KILLEEN, Texas (AP) — An invasive underwater weed is spreading in a Central Texas lake popular with anglers, tangling boat propellers and threatening the fish.

The weed is hydrilla, an aquatic plant initially imported and sold as an aquarium plant in the 1950s that has become one of the world’s most invasive plants. Fishing guide Bob Maindelle says its presence is at an all-time high in Stillhouse Hollow Lake, about 13 miles (20 kilometers) southeast of Killeen.

“So much hydrilla has now grown in Stillhouse that entire coves are now completely inaccessible to boating anglers because the matted vegetation entangles the propellers of both outboard engines and electric trolling motors, thus prohibiting access,” Maindelle wrote recently in the Killeen Daily Herald.

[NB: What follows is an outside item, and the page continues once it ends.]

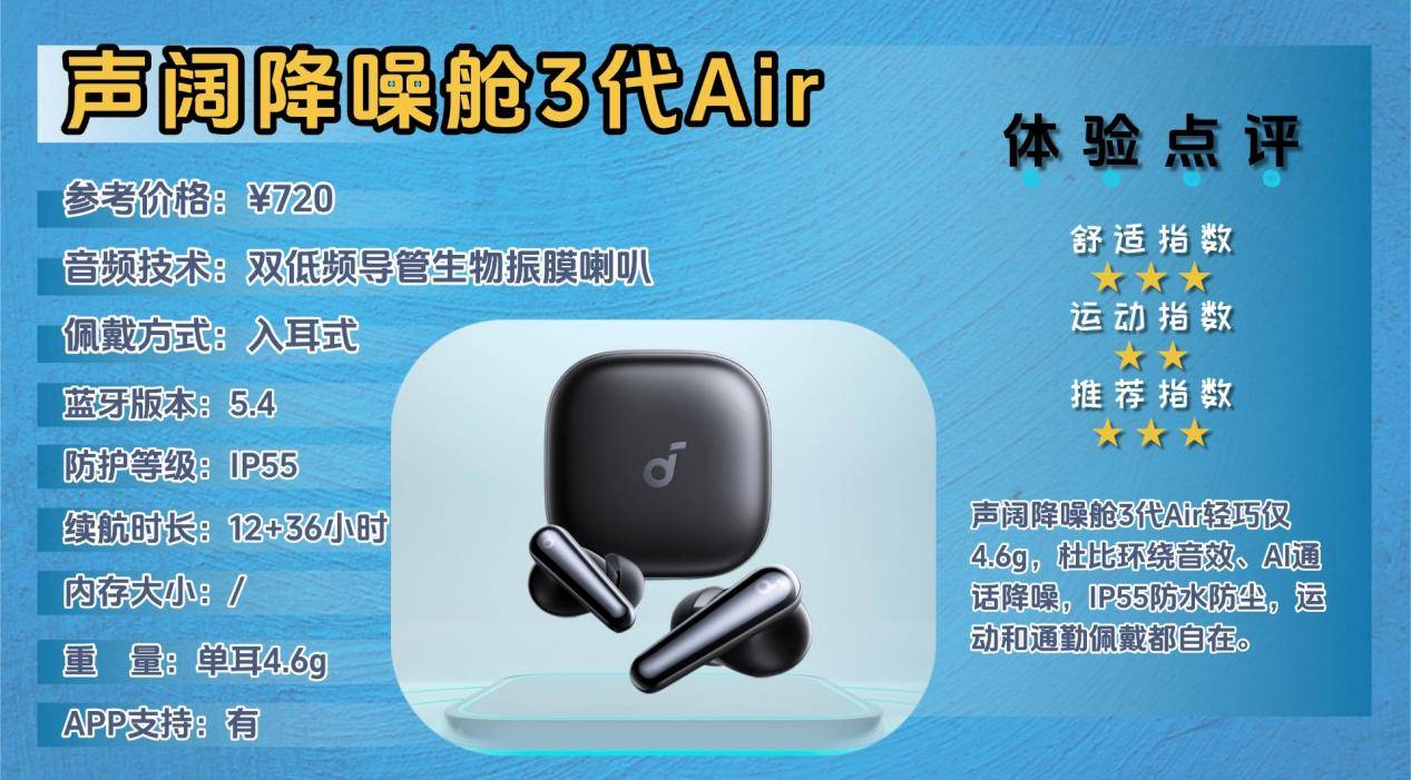 声阔降噪舱3代Air主打高品质通话与沉浸音效体验,适合日常通勤、办公以及轻度运动场景,兼顾便捷操控与智能功能。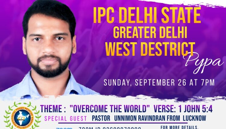आई.पी.सी दिल्ली स्टेट ग्रेटर दिल्ली वेस्ट डिस्ट्रिक्ट पी.वाई.पी.ए द्वारा आयोजित एक दिवसीय ऑनलाइन बैठक रविवार 26 सितंबर 2021 को शाम 7 बजे से होगी। संसार पर विजय 1 यूहन्ना 5:4 विषय है।पादरी उन्नीमोन रवींद्रन (लखनऊ) मुख्य अतिथि होंगे।

The plants are spread by uncleaned boats and form thick mats on water surfaces, changing their pH levels, stripping them of oxygen, restricting native plant growth, blocking nutrients for aquatic animals, and hindering irrigation, recreation and water flow, according to the Texas Invasive Species Institute.

Furthermore, it can damage water quality and foster the growth of toxic blue-green algae. Such algae were linked to the recent sudden deaths of multiple dogs at nearby Belton Lake.